**Exercise brief**
The entries below contain pictures, which are to be left out; write out exactly, and only, the lines from the line with "店内还有如皋特色的盘水面,俗" up to and including the line with "Gyula Újváriban, zöldövezetben, jó".

**Input**
*** Block opens ***

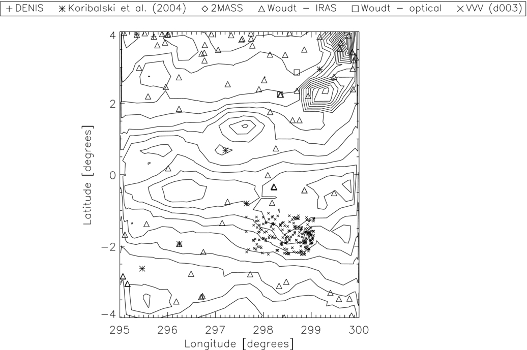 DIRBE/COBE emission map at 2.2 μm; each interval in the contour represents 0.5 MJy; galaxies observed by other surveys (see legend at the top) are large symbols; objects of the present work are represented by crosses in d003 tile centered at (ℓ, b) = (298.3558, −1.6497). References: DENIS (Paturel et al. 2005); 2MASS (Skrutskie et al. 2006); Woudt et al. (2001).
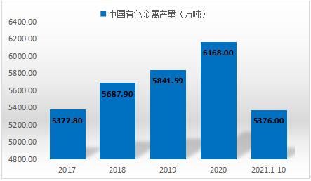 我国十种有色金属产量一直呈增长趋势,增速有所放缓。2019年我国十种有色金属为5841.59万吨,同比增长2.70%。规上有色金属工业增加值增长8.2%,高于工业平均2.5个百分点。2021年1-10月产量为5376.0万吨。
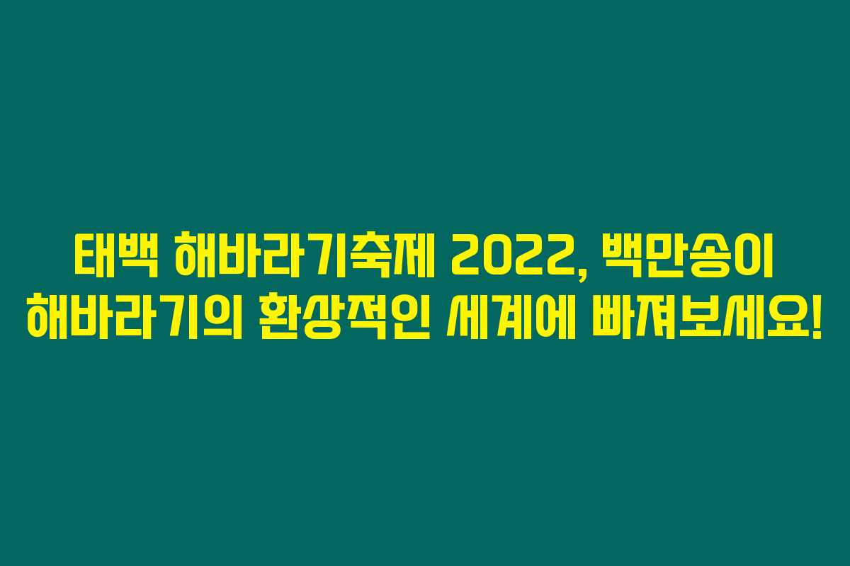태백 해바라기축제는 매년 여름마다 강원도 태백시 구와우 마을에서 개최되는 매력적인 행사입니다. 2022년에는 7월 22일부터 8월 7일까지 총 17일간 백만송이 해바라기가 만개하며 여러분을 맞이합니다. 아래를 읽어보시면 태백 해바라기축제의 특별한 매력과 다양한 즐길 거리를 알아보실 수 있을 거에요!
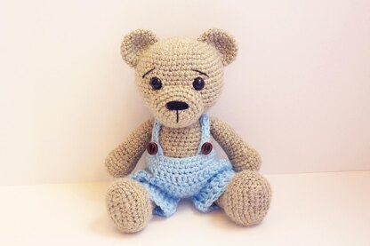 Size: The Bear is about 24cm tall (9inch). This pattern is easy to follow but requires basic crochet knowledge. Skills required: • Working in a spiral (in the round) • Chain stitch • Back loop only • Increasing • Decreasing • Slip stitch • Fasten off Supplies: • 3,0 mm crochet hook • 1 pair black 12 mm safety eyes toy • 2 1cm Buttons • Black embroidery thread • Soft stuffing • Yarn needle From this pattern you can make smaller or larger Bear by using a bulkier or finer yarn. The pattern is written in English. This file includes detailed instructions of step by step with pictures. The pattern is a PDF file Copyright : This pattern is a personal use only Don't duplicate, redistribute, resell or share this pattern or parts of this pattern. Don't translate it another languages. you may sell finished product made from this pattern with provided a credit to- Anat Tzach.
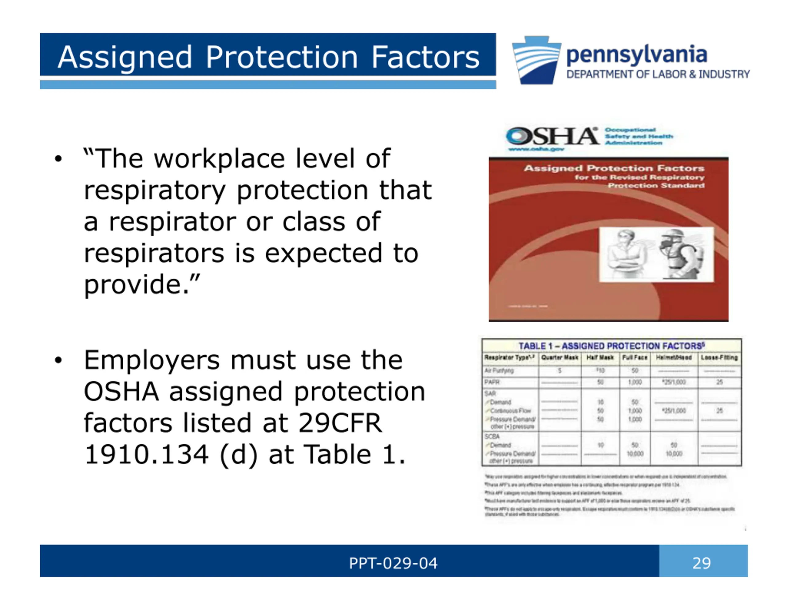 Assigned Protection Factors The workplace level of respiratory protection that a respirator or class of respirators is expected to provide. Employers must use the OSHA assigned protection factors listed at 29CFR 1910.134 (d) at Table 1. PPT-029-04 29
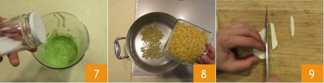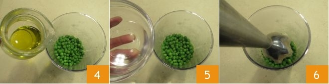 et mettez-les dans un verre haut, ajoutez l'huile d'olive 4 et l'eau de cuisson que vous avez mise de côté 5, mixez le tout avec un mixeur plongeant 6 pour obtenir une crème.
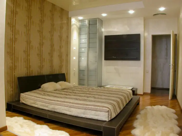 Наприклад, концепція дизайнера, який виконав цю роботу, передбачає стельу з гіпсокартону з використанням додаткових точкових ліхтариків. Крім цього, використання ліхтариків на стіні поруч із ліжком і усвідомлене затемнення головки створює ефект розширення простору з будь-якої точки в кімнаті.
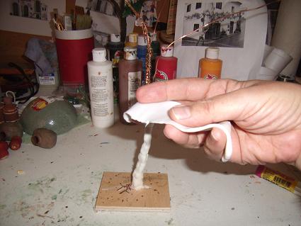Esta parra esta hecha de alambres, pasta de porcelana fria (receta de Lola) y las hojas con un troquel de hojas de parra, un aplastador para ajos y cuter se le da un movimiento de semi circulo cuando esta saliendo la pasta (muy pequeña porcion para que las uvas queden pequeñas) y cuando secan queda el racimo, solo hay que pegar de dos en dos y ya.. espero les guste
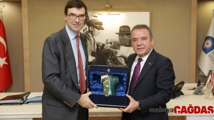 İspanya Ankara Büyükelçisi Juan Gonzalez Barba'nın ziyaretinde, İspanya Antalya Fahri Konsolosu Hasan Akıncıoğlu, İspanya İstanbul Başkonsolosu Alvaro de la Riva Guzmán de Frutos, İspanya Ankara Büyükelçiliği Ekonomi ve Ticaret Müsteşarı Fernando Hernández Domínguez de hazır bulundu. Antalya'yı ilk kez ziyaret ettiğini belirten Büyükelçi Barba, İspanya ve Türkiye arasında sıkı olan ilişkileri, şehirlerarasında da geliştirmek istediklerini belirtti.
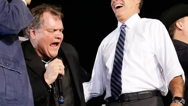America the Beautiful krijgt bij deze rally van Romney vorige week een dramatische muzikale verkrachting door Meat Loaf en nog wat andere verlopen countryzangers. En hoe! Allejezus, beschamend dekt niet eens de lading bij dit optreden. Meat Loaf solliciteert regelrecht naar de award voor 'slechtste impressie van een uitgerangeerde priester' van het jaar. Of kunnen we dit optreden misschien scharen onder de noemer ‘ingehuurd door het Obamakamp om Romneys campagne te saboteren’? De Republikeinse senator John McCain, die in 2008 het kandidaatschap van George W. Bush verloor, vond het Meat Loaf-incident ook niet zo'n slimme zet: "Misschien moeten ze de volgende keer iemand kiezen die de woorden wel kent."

*** Block closes ***
*** Block opens ***

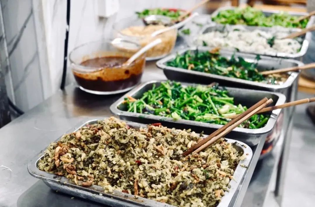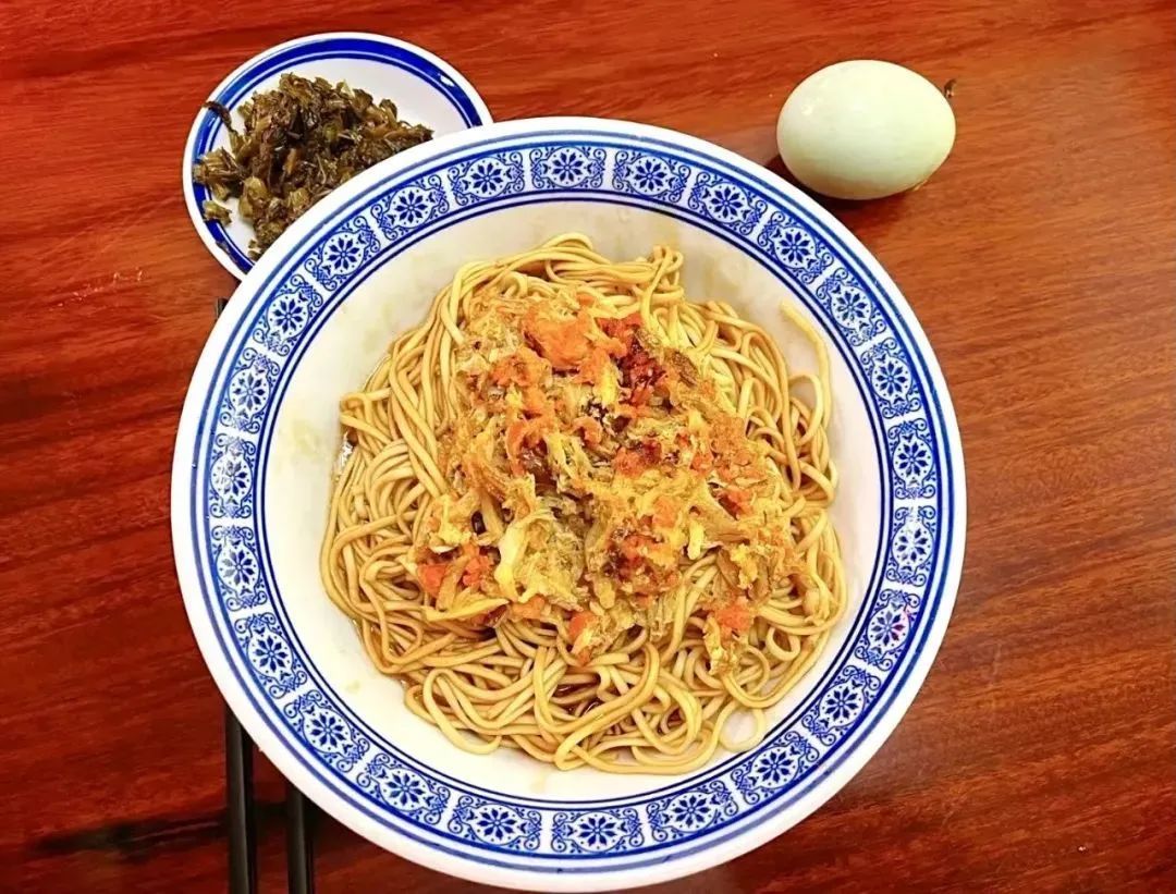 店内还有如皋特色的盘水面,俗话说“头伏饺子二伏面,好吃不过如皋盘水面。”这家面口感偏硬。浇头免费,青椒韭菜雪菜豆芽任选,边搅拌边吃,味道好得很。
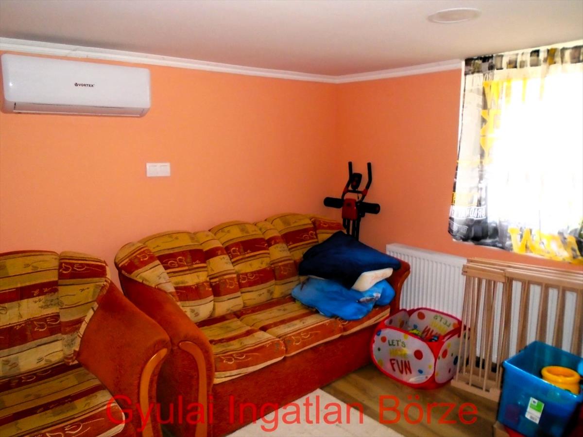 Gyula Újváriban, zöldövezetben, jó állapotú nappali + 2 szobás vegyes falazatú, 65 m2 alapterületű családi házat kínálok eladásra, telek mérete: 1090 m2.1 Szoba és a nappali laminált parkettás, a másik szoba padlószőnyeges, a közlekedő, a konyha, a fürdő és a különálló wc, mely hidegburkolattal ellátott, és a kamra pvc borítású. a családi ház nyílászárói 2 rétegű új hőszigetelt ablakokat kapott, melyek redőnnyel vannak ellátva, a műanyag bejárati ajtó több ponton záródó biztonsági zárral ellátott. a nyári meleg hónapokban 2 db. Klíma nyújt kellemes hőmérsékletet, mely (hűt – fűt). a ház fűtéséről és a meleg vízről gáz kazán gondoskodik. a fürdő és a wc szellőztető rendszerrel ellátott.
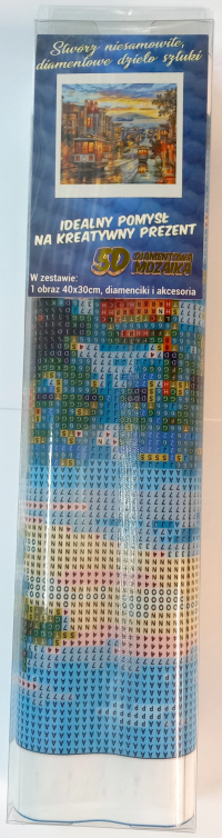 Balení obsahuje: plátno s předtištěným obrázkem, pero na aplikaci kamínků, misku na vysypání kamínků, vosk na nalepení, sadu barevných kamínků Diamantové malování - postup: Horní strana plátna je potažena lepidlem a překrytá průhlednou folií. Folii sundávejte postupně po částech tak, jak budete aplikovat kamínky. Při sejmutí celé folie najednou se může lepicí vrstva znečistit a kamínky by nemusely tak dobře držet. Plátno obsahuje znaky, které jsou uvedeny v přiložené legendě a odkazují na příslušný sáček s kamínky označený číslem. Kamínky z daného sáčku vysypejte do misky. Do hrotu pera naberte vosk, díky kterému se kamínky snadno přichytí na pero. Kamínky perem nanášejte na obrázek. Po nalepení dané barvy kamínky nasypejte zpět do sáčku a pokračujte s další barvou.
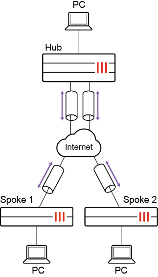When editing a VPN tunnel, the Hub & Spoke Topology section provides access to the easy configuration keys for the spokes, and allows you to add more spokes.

*** Block closes ***

**Answer section**
 店内还有如皋特色的盘水面,俗话说“头伏饺子二伏面,好吃不过如皋盘水面。”这家面口感偏硬。浇头免费,青椒韭菜雪菜豆芽任选,边搅拌边吃,味道好得很。
 Gyula Újváriban, zöldövezetben, jó állapotú nappali + 2 szobás vegyes falazatú, 65 m2 alapterületű családi házat kínálok eladásra, telek mérete: 1090 m2.1 Szoba és a nappali laminált parkettás, a másik szoba padlószőnyeges, a közlekedő, a konyha, a fürdő és a különálló wc, mely hidegburkolattal ellátott, és a kamra pvc borítású. a családi ház nyílászárói 2 rétegű új hőszigetelt ablakokat kapott, melyek redőnnyel vannak ellátva, a műanyag bejárati ajtó több ponton záródó biztonsági zárral ellátott. a nyári meleg hónapokban 2 db. Klíma nyújt kellemes hőmérsékletet, mely (hűt – fűt). a ház fűtéséről és a meleg vízről gáz kazán gondoskodik. a fürdő és a wc szellőztető rendszerrel ellátott.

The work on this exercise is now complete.